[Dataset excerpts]
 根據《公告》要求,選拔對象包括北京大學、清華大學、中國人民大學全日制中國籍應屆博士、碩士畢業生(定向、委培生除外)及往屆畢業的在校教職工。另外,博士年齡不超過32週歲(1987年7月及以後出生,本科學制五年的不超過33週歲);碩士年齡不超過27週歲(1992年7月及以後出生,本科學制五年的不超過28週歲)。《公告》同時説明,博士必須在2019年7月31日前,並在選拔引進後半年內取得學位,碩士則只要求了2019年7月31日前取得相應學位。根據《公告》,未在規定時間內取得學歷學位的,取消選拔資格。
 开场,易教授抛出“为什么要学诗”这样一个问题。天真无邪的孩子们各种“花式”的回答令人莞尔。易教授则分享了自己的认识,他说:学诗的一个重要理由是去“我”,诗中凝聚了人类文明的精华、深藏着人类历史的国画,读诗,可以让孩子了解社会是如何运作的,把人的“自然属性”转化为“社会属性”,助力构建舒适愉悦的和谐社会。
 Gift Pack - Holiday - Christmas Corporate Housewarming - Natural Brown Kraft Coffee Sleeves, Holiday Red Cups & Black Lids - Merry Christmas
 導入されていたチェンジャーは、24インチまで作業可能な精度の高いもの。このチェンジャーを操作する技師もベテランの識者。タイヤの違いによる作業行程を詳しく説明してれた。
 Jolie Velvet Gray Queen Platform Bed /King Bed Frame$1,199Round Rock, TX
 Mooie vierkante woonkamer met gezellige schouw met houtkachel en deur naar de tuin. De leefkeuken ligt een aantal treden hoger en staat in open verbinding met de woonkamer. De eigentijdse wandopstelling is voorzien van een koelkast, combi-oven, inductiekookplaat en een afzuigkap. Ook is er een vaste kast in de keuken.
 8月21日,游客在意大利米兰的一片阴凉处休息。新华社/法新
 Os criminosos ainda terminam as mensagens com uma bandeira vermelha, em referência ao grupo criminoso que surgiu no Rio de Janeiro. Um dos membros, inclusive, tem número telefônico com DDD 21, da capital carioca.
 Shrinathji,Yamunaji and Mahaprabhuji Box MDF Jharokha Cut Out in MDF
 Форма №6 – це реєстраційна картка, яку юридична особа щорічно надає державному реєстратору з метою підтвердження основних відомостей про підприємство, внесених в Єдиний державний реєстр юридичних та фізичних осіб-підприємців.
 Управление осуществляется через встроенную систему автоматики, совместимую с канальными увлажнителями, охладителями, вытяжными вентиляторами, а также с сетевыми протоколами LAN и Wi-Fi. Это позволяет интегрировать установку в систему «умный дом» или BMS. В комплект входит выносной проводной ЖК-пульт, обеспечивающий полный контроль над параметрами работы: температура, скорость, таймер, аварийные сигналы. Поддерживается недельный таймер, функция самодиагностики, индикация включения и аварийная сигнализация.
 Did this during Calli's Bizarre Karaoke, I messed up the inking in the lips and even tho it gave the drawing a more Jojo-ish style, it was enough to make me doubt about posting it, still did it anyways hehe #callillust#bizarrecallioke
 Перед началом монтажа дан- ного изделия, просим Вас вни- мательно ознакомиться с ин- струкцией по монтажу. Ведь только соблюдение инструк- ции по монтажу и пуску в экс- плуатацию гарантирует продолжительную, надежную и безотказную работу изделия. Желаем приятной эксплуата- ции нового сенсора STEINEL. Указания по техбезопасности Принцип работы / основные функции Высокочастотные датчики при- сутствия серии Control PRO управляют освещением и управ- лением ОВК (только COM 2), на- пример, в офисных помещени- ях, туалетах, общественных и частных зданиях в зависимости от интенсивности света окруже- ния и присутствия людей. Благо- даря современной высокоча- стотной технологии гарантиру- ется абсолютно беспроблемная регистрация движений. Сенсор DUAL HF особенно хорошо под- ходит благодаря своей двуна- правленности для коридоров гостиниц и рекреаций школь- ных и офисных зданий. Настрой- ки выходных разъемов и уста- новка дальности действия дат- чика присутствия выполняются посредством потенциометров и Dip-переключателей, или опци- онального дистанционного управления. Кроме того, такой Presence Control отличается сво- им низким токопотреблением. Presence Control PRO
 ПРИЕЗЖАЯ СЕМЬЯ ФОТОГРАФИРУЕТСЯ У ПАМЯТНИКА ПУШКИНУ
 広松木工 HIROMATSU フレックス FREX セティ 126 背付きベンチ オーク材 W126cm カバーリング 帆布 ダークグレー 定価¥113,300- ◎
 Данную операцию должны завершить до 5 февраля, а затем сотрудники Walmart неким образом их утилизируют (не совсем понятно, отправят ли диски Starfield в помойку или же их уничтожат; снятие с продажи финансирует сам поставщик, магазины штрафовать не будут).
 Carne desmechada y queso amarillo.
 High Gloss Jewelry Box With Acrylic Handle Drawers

Brief: Copy range, inclusive: the line holding "Os criminosos ainda" to the line holding "Форма №6 – це". Reproduce exactly those lines of the records above and no others.

Written response:
 Os criminosos ainda terminam as mensagens com uma bandeira vermelha, em referência ao grupo criminoso que surgiu no Rio de Janeiro. Um dos membros, inclusive, tem número telefônico com DDD 21, da capital carioca.
 Shrinathji,Yamunaji and Mahaprabhuji Box MDF Jharokha Cut Out in MDF
 Форма №6 – це реєстраційна картка, яку юридична особа щорічно надає державному реєстратору з метою підтвердження основних відомостей про підприємство, внесених в Єдиний державний реєстр юридичних та фізичних осіб-підприємців.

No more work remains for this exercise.